Before light filled the sky I was walking out of the valley, delirious, hungry, thirsty, and hopeless. “Dancer,” I whispered over and over. After hours of wishing, she came to me, as if in a dream. She walked out of the foggy haze, her striking white mane flapping against her neck. “Dancer,” I called, and she came trotting through the snow.

It was the first time in my life I truly surrendered. Dancer could have been a dream or an illusion, but at that point nothing mattered anymore except for my next breath. My body was numb and my eyes burned. Swinging my leg over her bare back, I gripped her firmly, taking a handful of her mane near her ears with one hand and a handful near her neck with the other. I bent low and close to her body and squeezed my legs as tight as I could. “Go home,” I said, and she took off, dancing in a full gallop across the open plain.

When she slowed, she was laboring heavily and foaming at the mouth. Pistol was still following us. We had one large plain to cross and then we would be near a road that led to the ranch.

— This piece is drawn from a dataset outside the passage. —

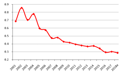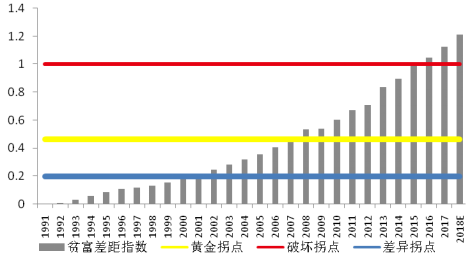 研究發(fā)現(xiàn),貧富差距指數(shù)與經(jīng)濟發(fā)展存在這三個拐點:差異拐點(0.2)、黃金拐點(0.463)及破壞拐點(1)。當貧富差距指數(shù)在0.2以下的低值區(qū)時,絕對平均造成動力不足。當貧富差距指數(shù)高于0.2時,差異的動力效應(yīng)開始顯現(xiàn),貧富差距指數(shù)與GDP增長率存在顯著的倒U型的非線性關(guān)系。而且拐點在貧富差距指數(shù)等于0.463左右,對應(yīng)的時間為2006-2007年之間,貧富差距在這個水平左右對經(jīng)濟增長的動力效應(yīng)最高。當貧富差距指數(shù)低于1時,貧富差距處于合理狀態(tài),合理的貧富差距提高了居民的工作動能,有利于促進經(jīng)濟增長,但超過臨界值1,隨著貧富差距進一步提高,貧窮人口會有日益強烈的被剝削感,在一定程度上抑制了經(jīng)濟總量的提升。據(jù)此,近年來我國貧富差距的演變過程可以分為四大階段,分別是“財富絕對平均階段”(1991-2001年)、“差異帶來動力,逐步接近黃金拐點階段”(2001-2007年)、“貧富差異擴大階段”(2007-2015年)及“貧富分化相對嚴重階段”(2015年至今)。經(jīng)研究團隊測算,2018年貧富差距指數(shù)預(yù)計已超過破壞拐點。

I dozed off and only came to when I heard Redman shouting at Bea, “Call an ambulance!”

Draped over Dancer’s back, I kept my eyes closed, finally feeling safe after hearing the familiar voices. I let my mind wander to the days when I met Redman and Bea. They made Jake and me feel like we were part of a family again. Redman’s face was handsome, weathered as it was, and his voice was deep and rich. I imagined the younger version of himself as the Sundance Kid. Bea, a skinny, feisty woman, would have made the perfect Etta Place in her day. Now her hair was completely gray, always carefully pinned into a neat bun at the nape of her neck, and she never wore makeup. Like Redman’s, her face was covered in deep lines from many years of working outdoors. Redman’s hair still had some hint of ruddy color streaking through the gray but his eyes were a dull blue, which sometimes happens when the color fades with age, making even the brightest eyes look lifeless over time. He was an intelligent man and a skilled horseman, and he was compassionate and funny around the people he knew well, but he had a short fuse. Bea took a lot of crap from him, so occasionally she would give it right back.